Activity:
What you write must match, character for character, the lines from the one with "長輩房以清亮又明快的淺灰藍色" down to the one with "Custom Tall Fiberglass" in the listing below, minus its pictures.
Recorded information Start Marker
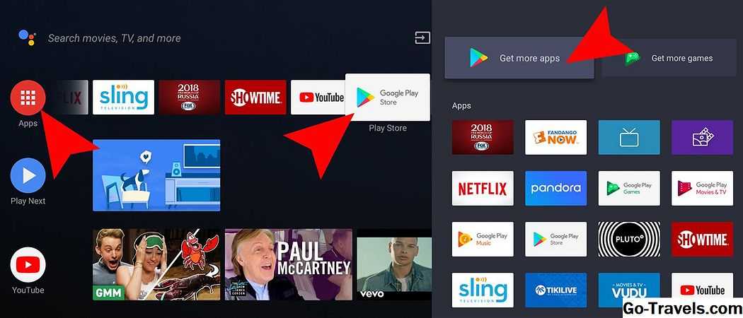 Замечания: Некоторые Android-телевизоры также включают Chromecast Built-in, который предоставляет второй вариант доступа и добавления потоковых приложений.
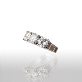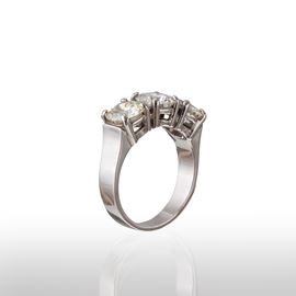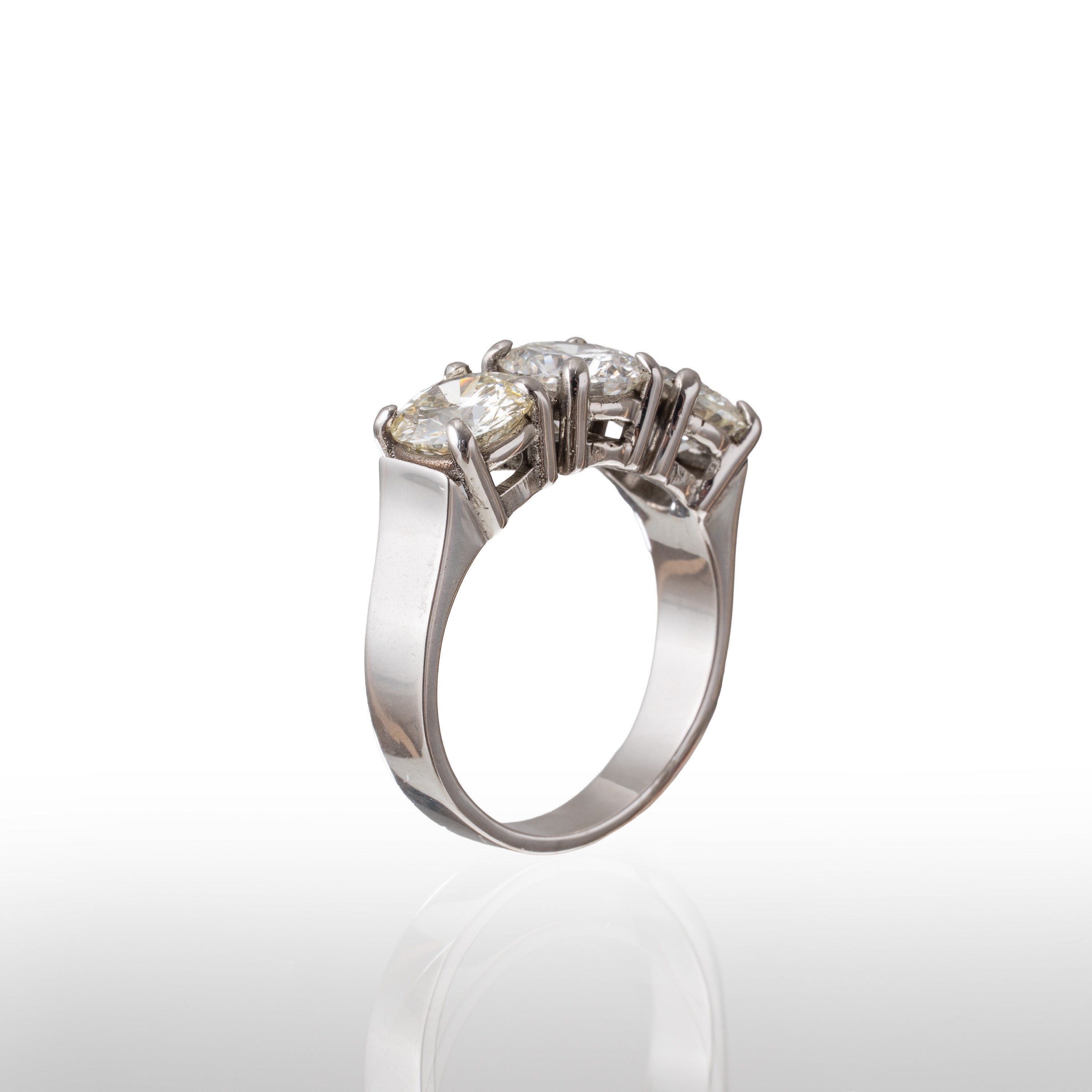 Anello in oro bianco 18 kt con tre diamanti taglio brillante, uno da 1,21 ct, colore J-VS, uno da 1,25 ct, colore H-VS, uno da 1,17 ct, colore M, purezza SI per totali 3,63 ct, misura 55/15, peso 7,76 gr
Recorded information End Marker
Recorded information Start Marker
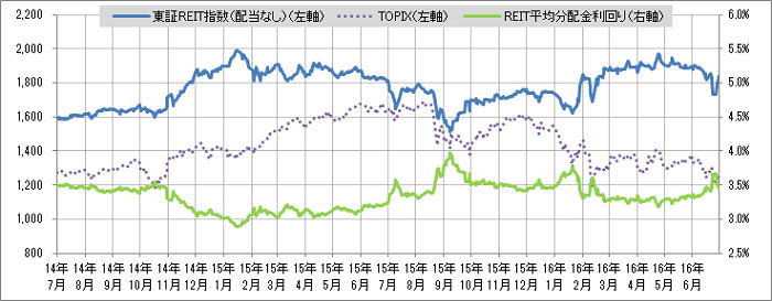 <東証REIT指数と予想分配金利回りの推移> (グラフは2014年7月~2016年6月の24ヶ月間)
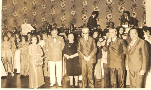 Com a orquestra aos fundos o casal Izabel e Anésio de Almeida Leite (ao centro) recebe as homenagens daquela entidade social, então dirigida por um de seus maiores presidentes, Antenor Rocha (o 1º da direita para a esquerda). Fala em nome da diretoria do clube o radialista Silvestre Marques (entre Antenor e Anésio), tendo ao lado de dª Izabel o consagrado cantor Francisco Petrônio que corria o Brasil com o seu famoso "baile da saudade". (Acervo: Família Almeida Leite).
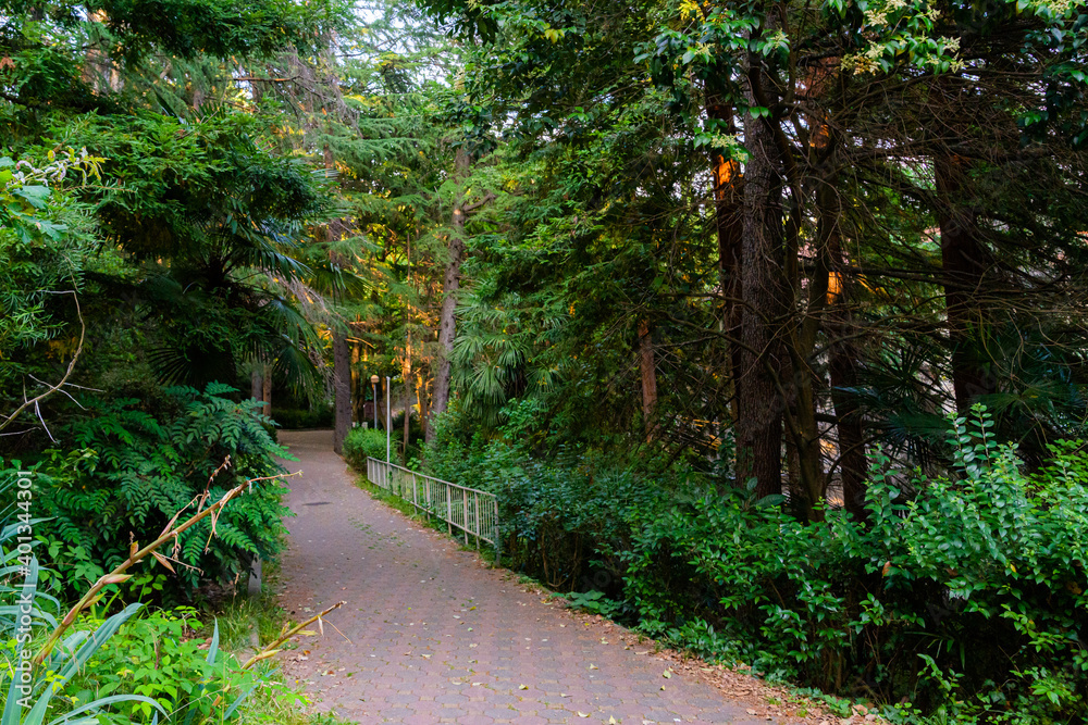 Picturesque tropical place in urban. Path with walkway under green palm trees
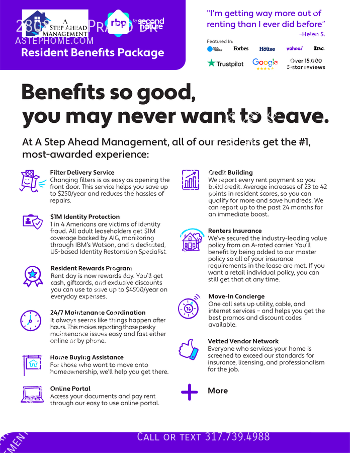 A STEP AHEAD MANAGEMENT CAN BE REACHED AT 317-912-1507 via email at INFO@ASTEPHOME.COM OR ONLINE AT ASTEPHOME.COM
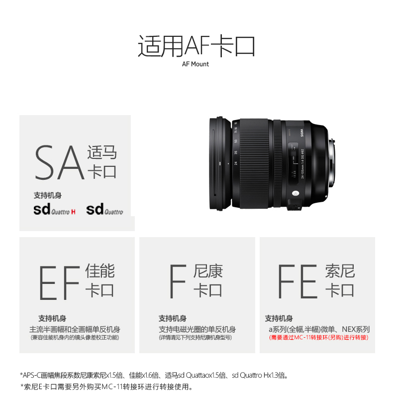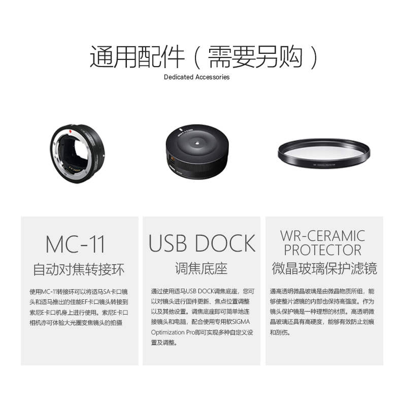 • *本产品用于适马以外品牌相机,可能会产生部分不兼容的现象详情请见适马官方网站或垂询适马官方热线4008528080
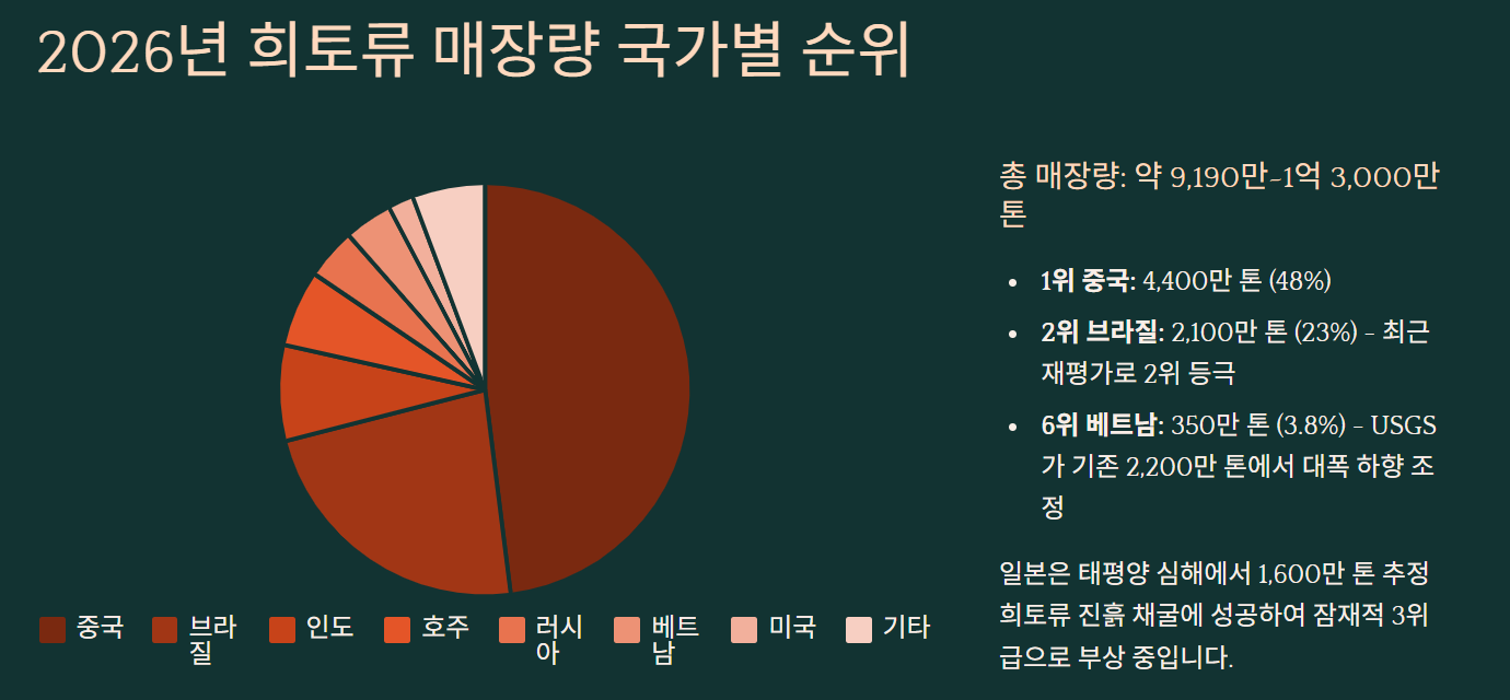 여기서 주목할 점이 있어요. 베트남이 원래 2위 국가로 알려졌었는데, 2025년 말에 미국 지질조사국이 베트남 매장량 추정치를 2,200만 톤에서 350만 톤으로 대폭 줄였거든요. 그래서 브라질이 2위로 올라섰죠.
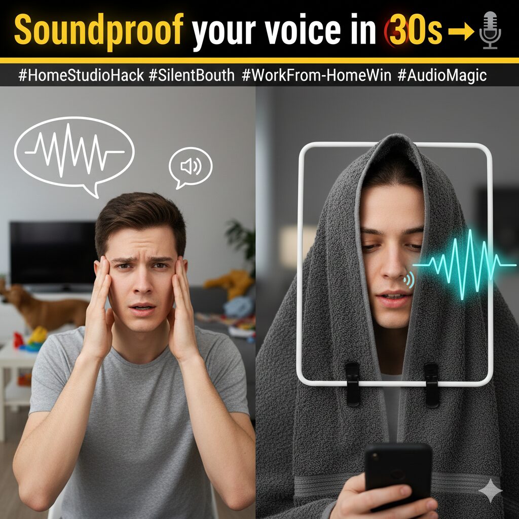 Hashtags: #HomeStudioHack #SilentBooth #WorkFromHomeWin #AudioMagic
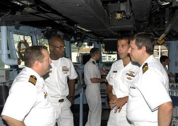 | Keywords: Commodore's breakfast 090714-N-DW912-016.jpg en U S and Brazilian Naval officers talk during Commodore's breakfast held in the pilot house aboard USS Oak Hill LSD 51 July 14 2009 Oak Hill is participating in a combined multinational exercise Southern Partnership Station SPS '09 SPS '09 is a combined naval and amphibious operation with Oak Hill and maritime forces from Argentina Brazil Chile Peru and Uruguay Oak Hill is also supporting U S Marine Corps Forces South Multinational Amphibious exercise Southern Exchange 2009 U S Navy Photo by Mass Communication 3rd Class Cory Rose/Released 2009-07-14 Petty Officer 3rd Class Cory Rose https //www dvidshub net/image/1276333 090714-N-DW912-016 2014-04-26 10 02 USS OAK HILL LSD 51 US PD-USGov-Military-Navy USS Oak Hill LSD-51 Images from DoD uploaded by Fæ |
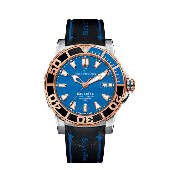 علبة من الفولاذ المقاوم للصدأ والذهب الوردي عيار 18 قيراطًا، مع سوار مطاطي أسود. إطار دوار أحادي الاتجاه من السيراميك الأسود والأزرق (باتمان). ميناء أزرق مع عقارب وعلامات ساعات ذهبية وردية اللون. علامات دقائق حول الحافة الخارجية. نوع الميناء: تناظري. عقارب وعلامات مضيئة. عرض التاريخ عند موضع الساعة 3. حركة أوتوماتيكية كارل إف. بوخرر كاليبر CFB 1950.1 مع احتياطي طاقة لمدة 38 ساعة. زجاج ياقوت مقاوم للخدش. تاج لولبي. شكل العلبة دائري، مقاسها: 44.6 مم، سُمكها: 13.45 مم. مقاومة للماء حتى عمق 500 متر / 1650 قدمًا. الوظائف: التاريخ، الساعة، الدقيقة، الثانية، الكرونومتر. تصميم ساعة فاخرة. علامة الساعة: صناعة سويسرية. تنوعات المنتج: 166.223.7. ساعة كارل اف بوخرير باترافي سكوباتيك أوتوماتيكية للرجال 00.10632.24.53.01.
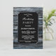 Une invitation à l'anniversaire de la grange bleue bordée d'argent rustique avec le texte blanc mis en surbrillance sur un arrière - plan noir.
Recorded information End Marker
Recorded information Start Marker
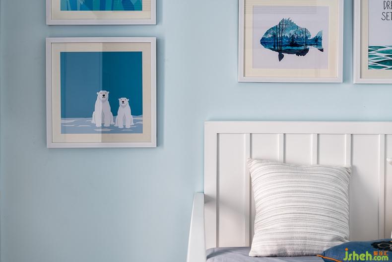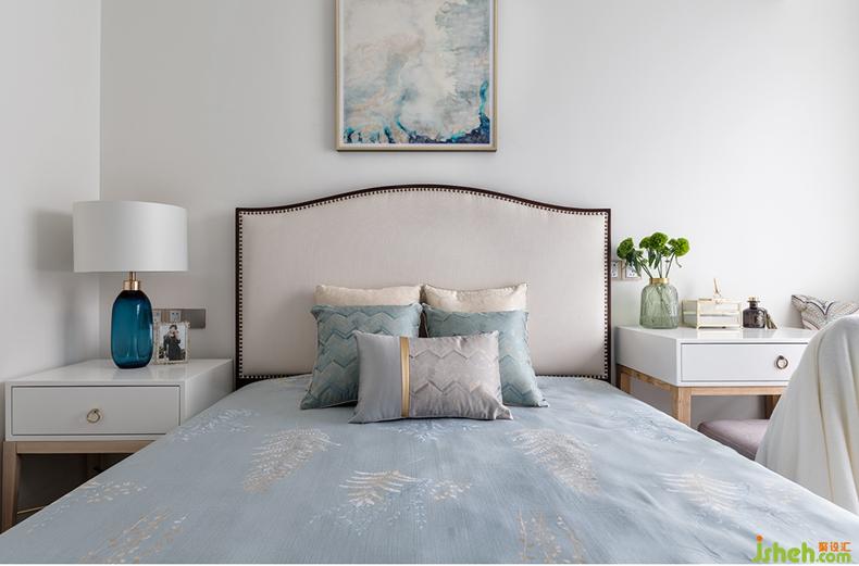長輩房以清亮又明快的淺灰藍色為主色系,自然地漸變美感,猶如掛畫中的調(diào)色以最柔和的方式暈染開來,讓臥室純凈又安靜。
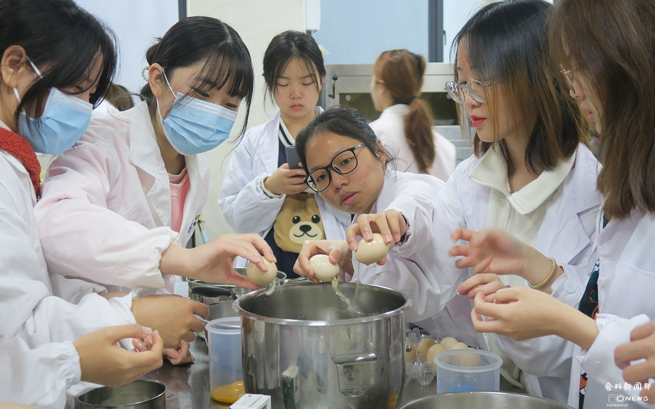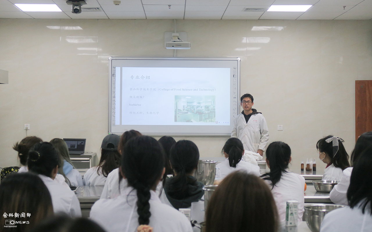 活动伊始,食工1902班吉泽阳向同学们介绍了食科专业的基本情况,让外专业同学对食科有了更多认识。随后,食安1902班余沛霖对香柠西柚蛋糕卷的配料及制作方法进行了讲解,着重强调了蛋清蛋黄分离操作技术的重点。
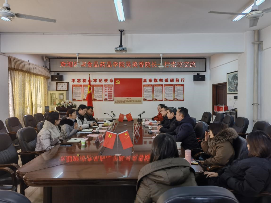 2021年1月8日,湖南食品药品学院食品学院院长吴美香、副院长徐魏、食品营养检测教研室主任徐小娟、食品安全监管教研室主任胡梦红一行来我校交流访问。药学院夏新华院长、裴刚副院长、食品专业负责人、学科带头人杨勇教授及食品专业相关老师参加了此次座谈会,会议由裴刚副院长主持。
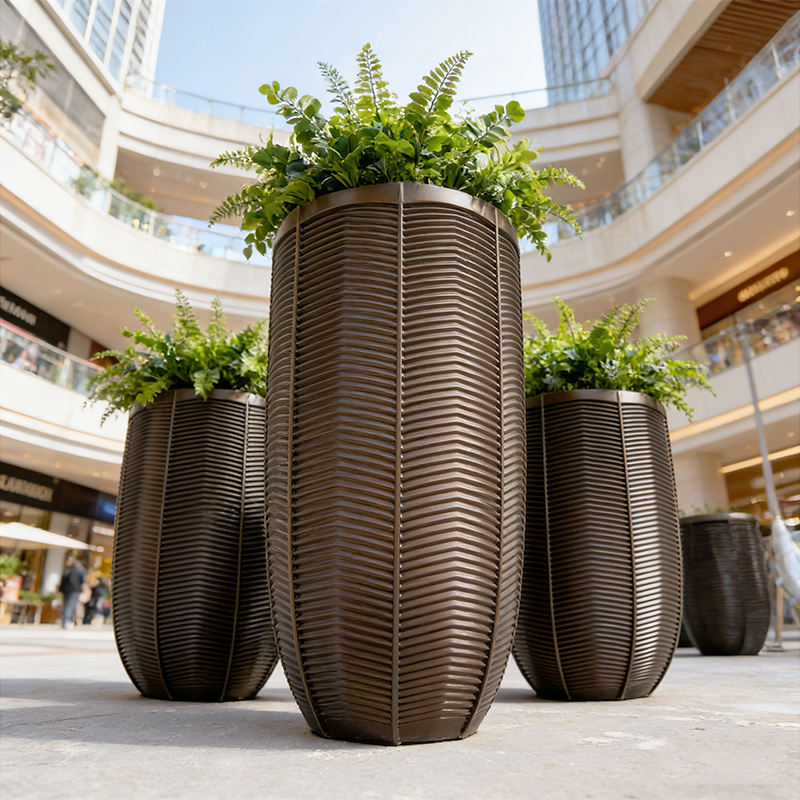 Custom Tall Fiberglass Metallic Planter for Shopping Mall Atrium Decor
Recorded information End Marker
Solution:
長輩房以清亮又明快的淺灰藍色為主色系,自然地漸變美感,猶如掛畫中的調(diào)色以最柔和的方式暈染開來,讓臥室純凈又安靜。
 活动伊始,食工1902班吉泽阳向同学们介绍了食科专业的基本情况,让外专业同学对食科有了更多认识。随后,食安1902班余沛霖对香柠西柚蛋糕卷的配料及制作方法进行了讲解,着重强调了蛋清蛋黄分离操作技术的重点。
 2021年1月8日,湖南食品药品学院食品学院院长吴美香、副院长徐魏、食品营养检测教研室主任徐小娟、食品安全监管教研室主任胡梦红一行来我校交流访问。药学院夏新华院长、裴刚副院长、食品专业负责人、学科带头人杨勇教授及食品专业相关老师参加了此次座谈会,会议由裴刚副院长主持。
 Custom Tall Fiberglass Metallic Planter for Shopping Mall Atrium Decor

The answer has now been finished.